Medial olivocochlear efferent modulation of cochlear micromechanics requires P2X4 expression in outer hair cells

The role of P2X4, one of the most abundant ionotropic purinergic receptors in the central nervous system, is explored here in the context of auditory function. We observed, by using constitutive and conditional P2X4mCherryIN knock-in adult mouse models, a specific high expression of mCherry-tagged P2X4 in living cochlear outer hair cells (OHCs), from immature postnatal stages to adulthood. This P2X4-mCherry expression, confirmed by immuno-confocal fluorescence microscopy in wild-type mice, was mainly concentrated in the intracellular apical region of the OHCs, in the area of the Hensen’s body, a lysosomal rich region, specifically labeled with the fluorescent dye lysotracker.

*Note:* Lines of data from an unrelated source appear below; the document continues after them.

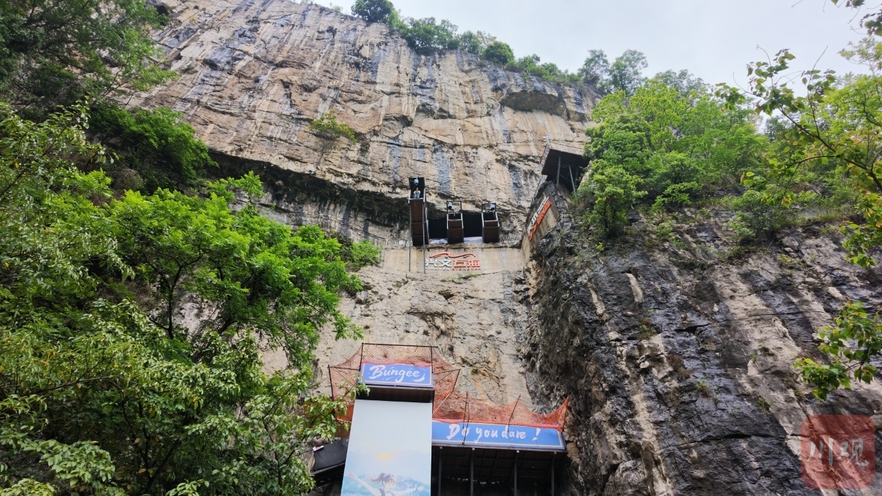小岩湾天坑内“窝囊版”蹦极运动项目。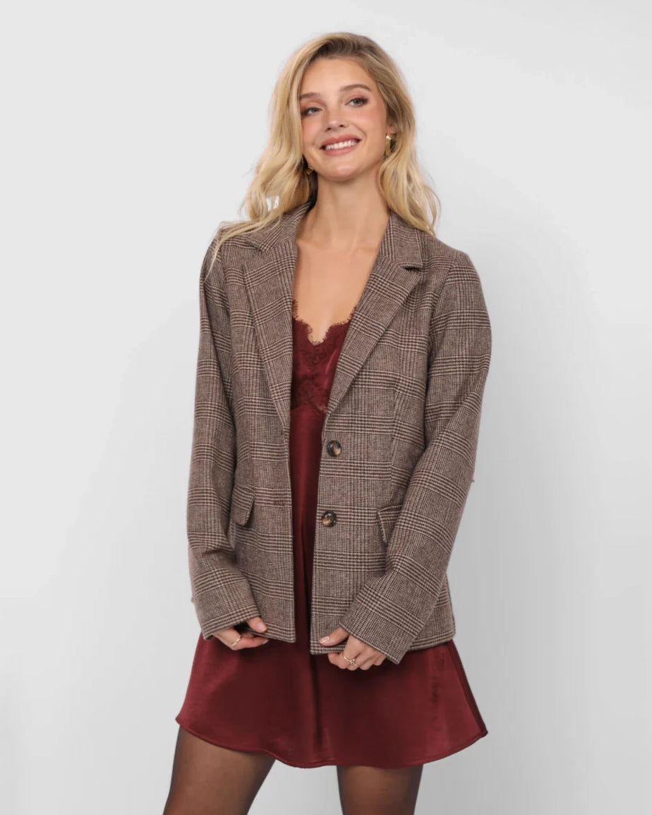 Ambition Houndstooth Blazer | Dark Brown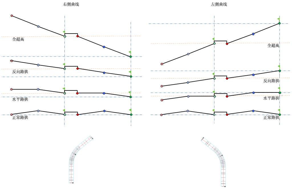 保持中间带造型表示应用超高时,中间带将升高以适应超高。此选项将保持中间带造型,而

In addition, the basal cholinergic efferent synaptic region of the OHCs was found to express P2X4 at the cell membrane. Surprisingly, the assessment of the hearing function in constitutive P2X4 knock-out (P2X4KO) mice showed improved auditory brainstem responses with smaller latencies, larger amplitudes and smaller thresholds. These P2X4KO mice, as well as conditional P2X4KO-Myo15-Cre mice, displayed enhanced distortion product otoacoustic emissions (DPOAEs), suggesting an improved electromechanical ‘amplification’ activity by OHCs. These mutant animals showed reduced inhibition of DPOAEs by contralateral noise, consistent with a weaker inhibitory effect of the medial cholinergic olivocochlear efferent circuit (MOC) on OHCs. We concluded that the MOC negative feedback modulation of cochlear micromechanics, in addition to involve Ca ²⁺ permeable α9/α10 nicotinic receptors, also requires the activation of postsynaptic P2X4 receptors in OHCs.